After forty years of such an existence, they prepared to move into the Promised Land, where their lives would be very different. There they would be able to provide for themselves and set up their own defences. Hence their dependence on God would need to change from one of necessity to one of choice – which is why He commanded them to celebrate the Feast of Booths each year. They were to go and cut branches from trees, making them into temporary shelters, or booths, on the flat roofs of their houses. There they would live for the seven days of the feast, forsaking home comforts, both as an act of remembrance – recalling their nomadic existence in the desert when they were absolutely dependent on God – and, more importantly, as a demonstration of their choice to live in continued dependence on Him.
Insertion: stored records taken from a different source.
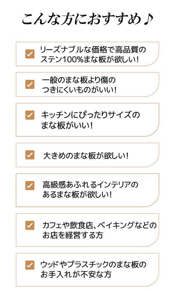 毎日使うまな板、衛生面でのお手入れで苦労されている方は、ステンレスのまな板を一度お試しください〜!SUS304の高クオリティーステンレスで独自に製作したプレミアムなまな板です。1.5mmと薄く軽いため、使い勝手がよく、お手入れも楽です。ぜひ、この機会にお見逃しなく⭐︎
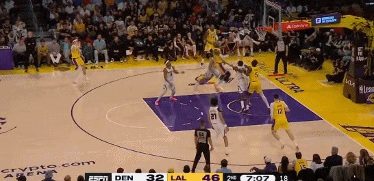 一马平川!詹姆斯反击接球 中路突进起飞拉杆上篮轻松得手
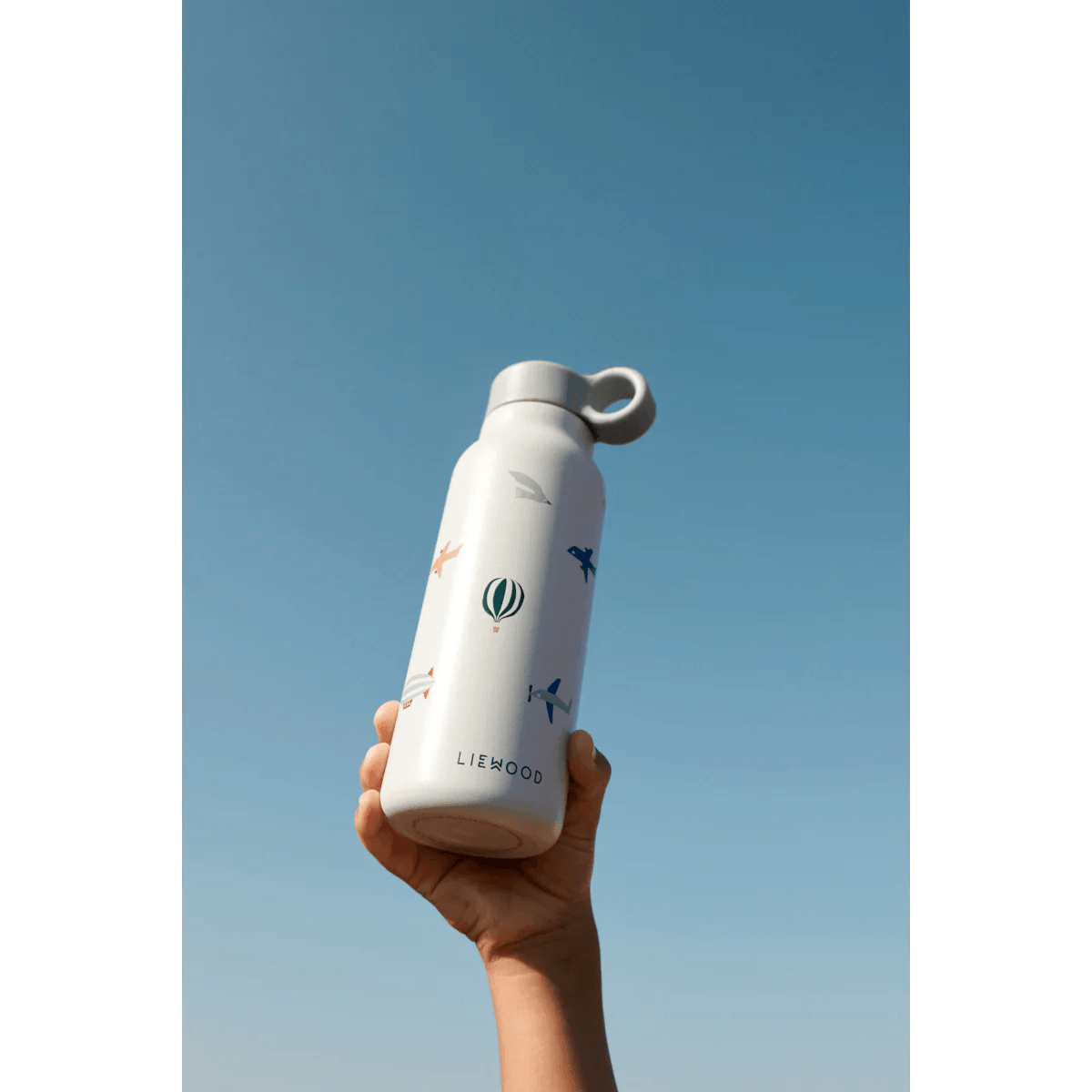Najwyższej jakości stalowa butelka na wodę, wykonana w 80% z recyklingowanej stali nierdzewnej, została zaprojektowana tak, aby była łatwa do trzymania przez małe rączki. Jest szczelna i ma wbudowaną wyskakującą pokrywkę ze słomką, a także uchwyt pętlowy do wygodnego przenoszenia w podróży.
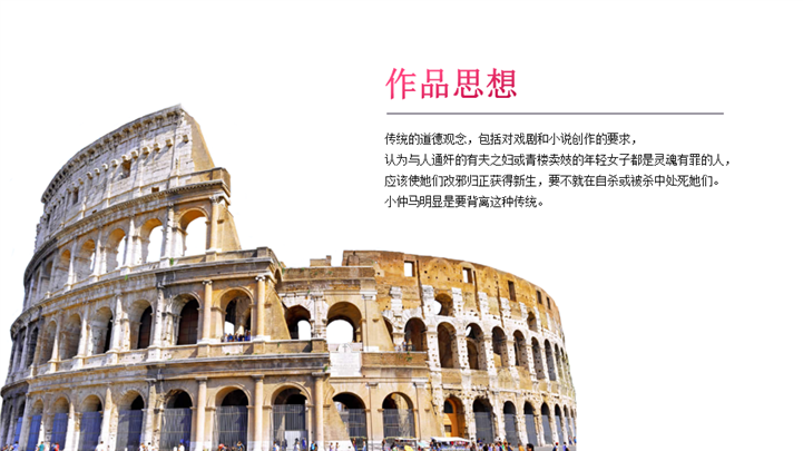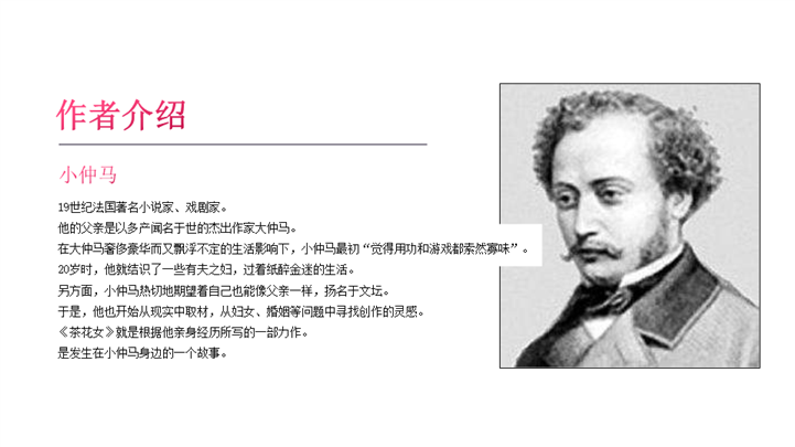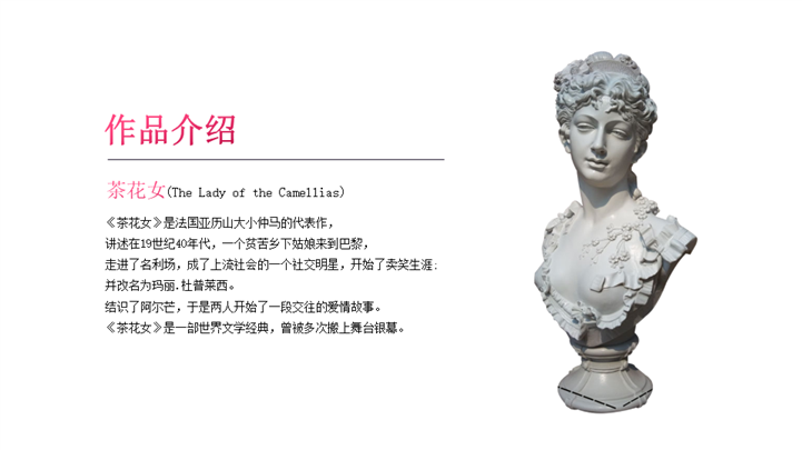 PPT简介: 《茶花女》国外名著读书笔记ppt模板,整体界面简洁大方风格,主要包含作者介绍、作品分析、人物介绍、心得感悟等模块内容,适用于读书感悟、名著导读、读书分享会、阅读分享、读书心得、教育培训课件、课程开发、讲师培训、学校教育等相关主题设计应用。主体文字及图片可替换修改,文字修改均可直接点击文本框进行编辑,图片更改可选中图片后单击鼠标右键插入更换图片,也可根据自身需求增加和删除。本作品提供PPTX格式文件,转载请注明出处!

It is a sad fact of history that God’s people tend to cling to Him when their need is sufficiently desperate, only to disregard Him when things improve. Knowing that tendency only too well, God warned the Israelites in advance. Before they entered the Promised Land, He reminded them that its “milk and honey” abundance was provided by Him – just as He had been their provider in the desert. As they luxuriated in that land, living off its abundance, there would be no desperate needs driving them to depend on God. So He warned them that, if they ceased to honour and obey Him, they would lose the Land and the prosperity which came with it.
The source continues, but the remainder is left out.